This morning, the Nashville Health Care Council, in partnership with Healthier Tennessee, convened Tennessee gubernatorial candidates Randy Boyd, Karl Dean, Craig Fitzhugh, Beth Harwell and Bill Lee to discuss their unique positions on health care issues facing the state ahead of the 2018 election.
The candidates addressed a variety of questions from a panel of top health care executives. Panelists included Milton Johnson, chairman and CEO, HCA; C. Wright Pinson, M.D., CEO, Vanderbilt Health System; Kenneth S. Robinson, M.D., president and CEO, United Way of the Mid-South; and Crystal Washington, senior vice president, Scripps Networks Interactive.
View event photos on Flickr.
Photo credit: (c) 2018, Donn Jones.
With some 400 executives in attendance, the conversations covered a variety of topics, including:
- Medicaid work requirements.
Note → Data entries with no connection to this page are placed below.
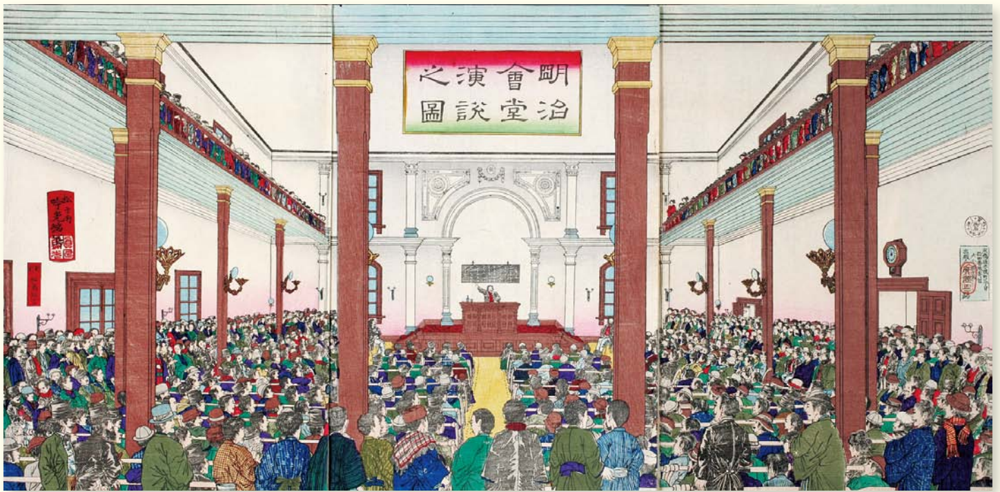
明治會堂演說之圖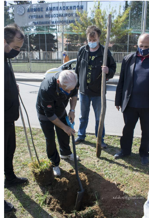
Δήμος Αμπελοκήπων – Μενεμένης, 2021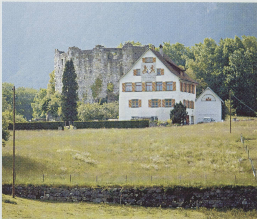
Schloss Forstegg, von 1615 bis 1798 Sitz der zürcherischen Landvögte.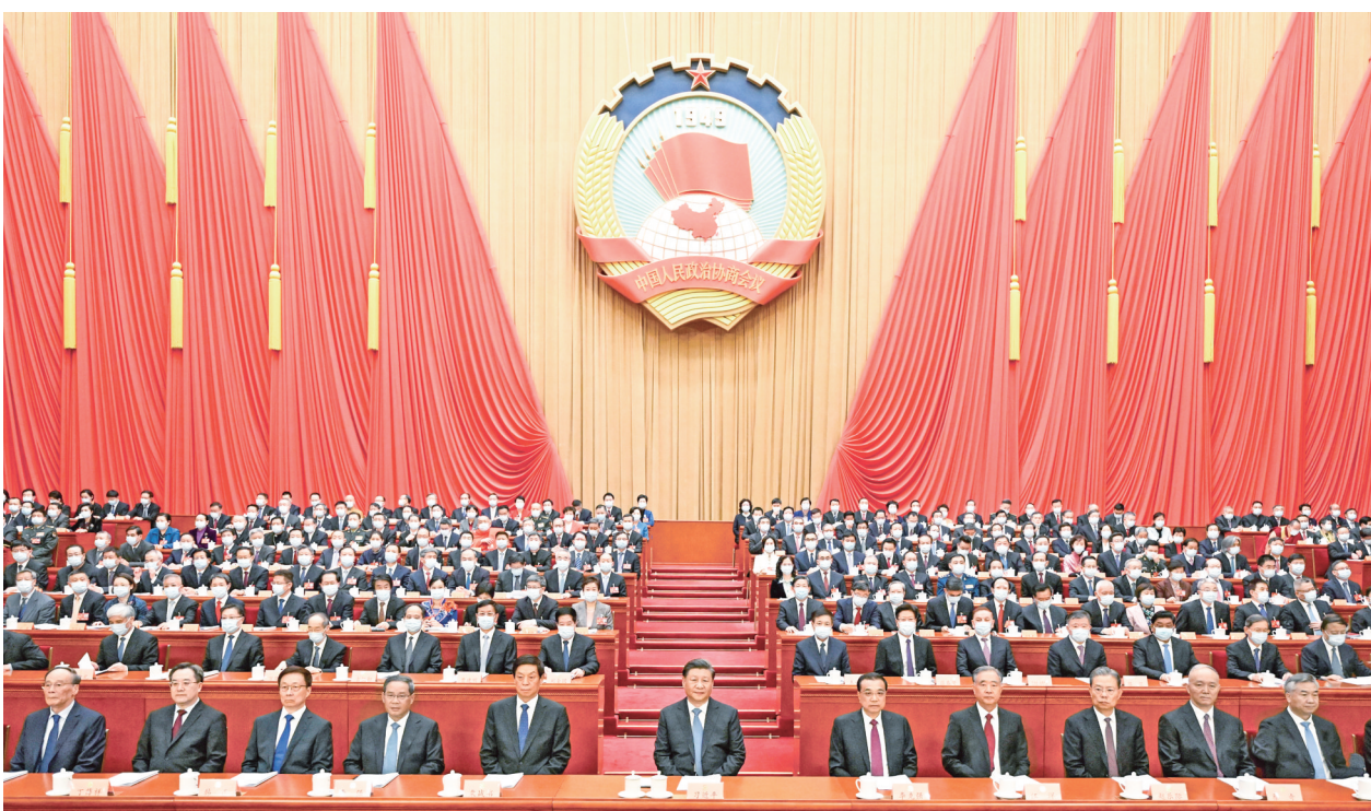
3月4日,中国人民政治协商会议第十四届全国委员会第一次会议在北京人民大会堂开幕。这是习近平、李克强、栗战书、汪洋、李强、赵乐际、韩正、蔡奇、丁薛祥、李希、王岐山在主席台就座。新华社记者 李学仁 摄

习近平李克强栗战书李强赵乐际韩正蔡奇丁薛祥李希王岐山到会祝贺 汪洋作政协十三届常委会工作报告 王沪宁主持会议 邵鸿作提案工作情况报告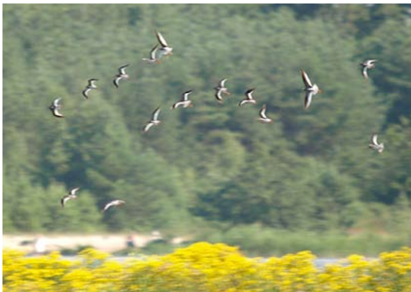
Groep van 15 Tureluurs, Put Rauw, 18 juli

De eerste Tureluur van 2007 werd op 03-03 aangetroffen nabij De Ronde Put. De meeste voorjaarswaarnemingen, over het algemeen kleine aantallen, dateren echter van april en mei, waarbij de soort als pleisteraar voornamelijk werd aangetroffen aan de Grote Kievit, de Grote Zandput en het Kristallijn. Een mooie groep van 15 Tureluurs streek op 18-07 neer in het reservaatgedeelte van Put Rauw. In de eerste helft van augustus werden nog slechts twee waarnemingen verricht en de laatste 2 ex. verbleven op 11-09 aan de Grote Zandput. Dit beeld komt overeen met elders in het binnenland.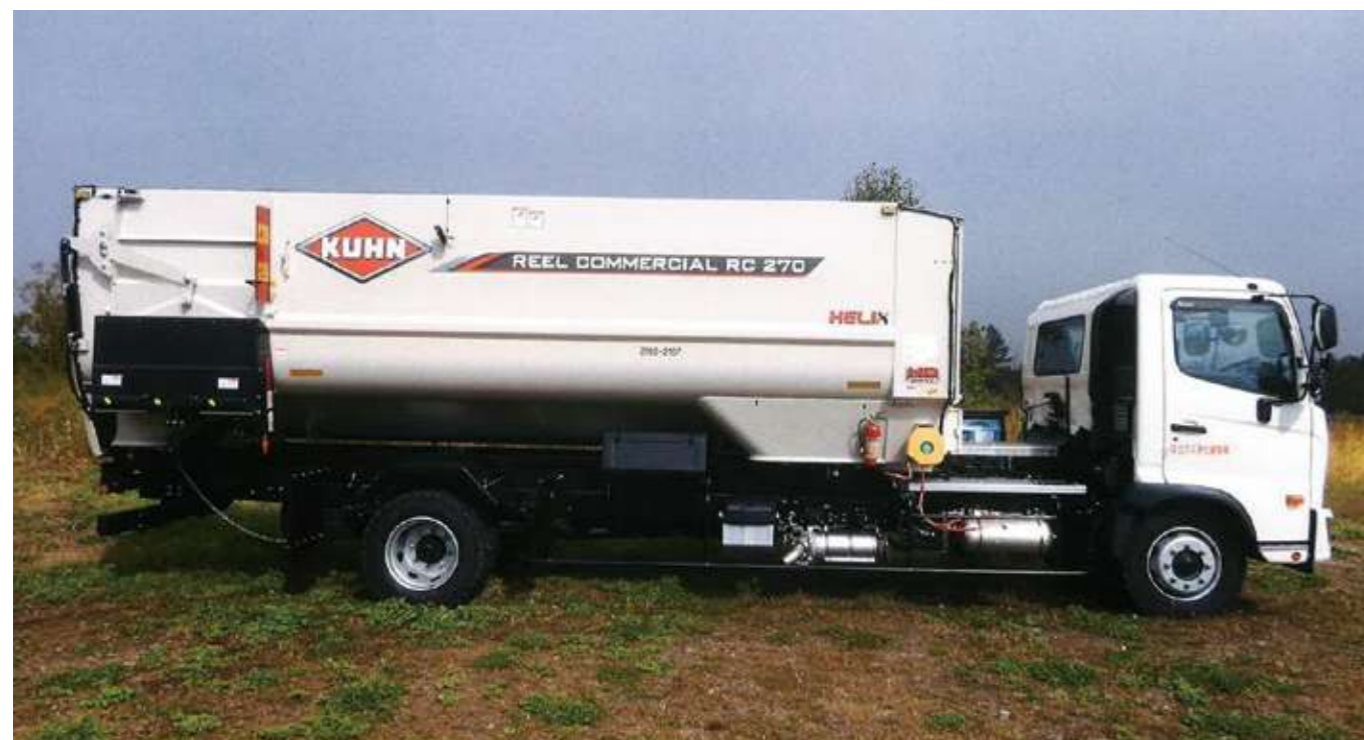
※トラック搭載仕様は公道走行できません。

クーンのトラック搭載ミキサーは、日本国内に流通するトラックに搭載可能で、お客様のニーズや搭載するトラックにマッチしたミキサーをお届けします。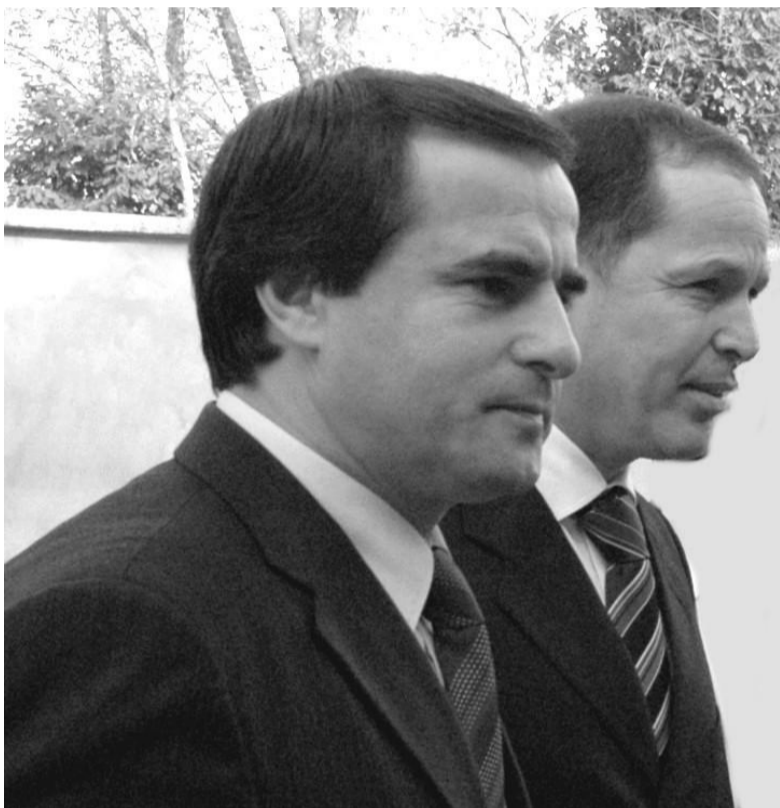
На фото: Василий ТАРЛЕВ в Комрате на предприятии «Vita-Pharm», 2007 год

Молдове нужна новая внешняя политика – мудрая, рациональная, предсказуемая, исходящая из национальных интересов страны и политического прагматизма, а не из личных амбиций определенных политиков. Периоду метаний и явно затянувшейся игре на противоречиях между Великими державами должен быть положен конец.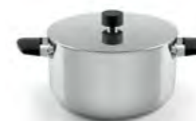
Cacerola Media de acero inoxidable con tapadera y asas de silicona Trimetal Induction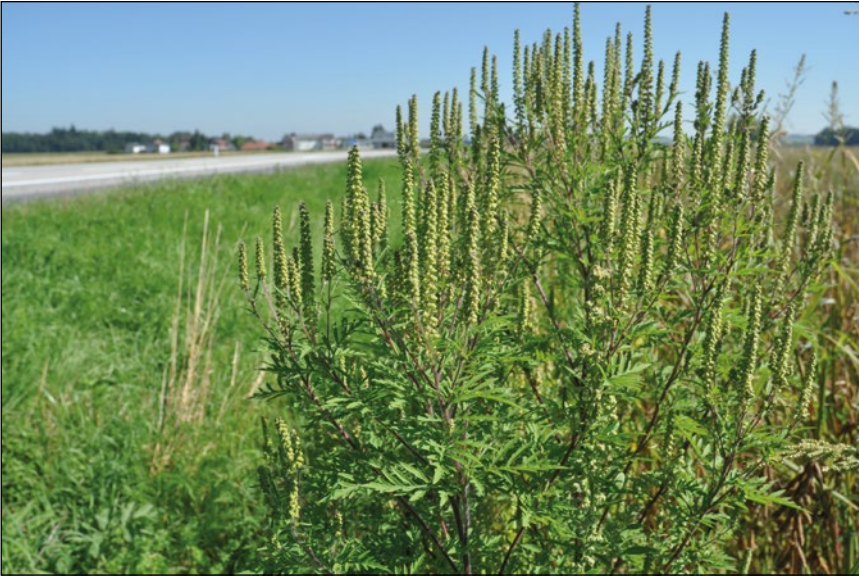
Abb. 12: Allergiepflanze an unseren Straßen und Autobahnen – die aus Nordamerika stammende Ambrosie ( Ambrosia artemisiifolia ).

All five candidates agreed that some form of regulation for able-bodied, safety-net patients in Tennessee was worth exploring. Boyd, the state’s former commissioner of Economic and Community Development, pointed out the costs of monitoring the small number of patients who might qualify for work requirements could outweigh the savings such a program would create.
- Block grants. In particular, the three Republican candidates (Boyd, Harwell and Lee) called for more flexibility at the state level, which they said federal block grants would allow. They also said these grants would inspire innovation from the private sector to better meet the health care needs of Tennessee’s workforce. As a business owner, Lee recounted his company’s success in lowering health care spending through incentivizing employees toward more active lifestyles. “I believe changes in behavior only come through incentives,” Lee said. Dean, a former mayor of Nashville, urged caution, saying, “The issue comes down to how big the block grants will be and if the money provided will bring aid to all Tennesseans.”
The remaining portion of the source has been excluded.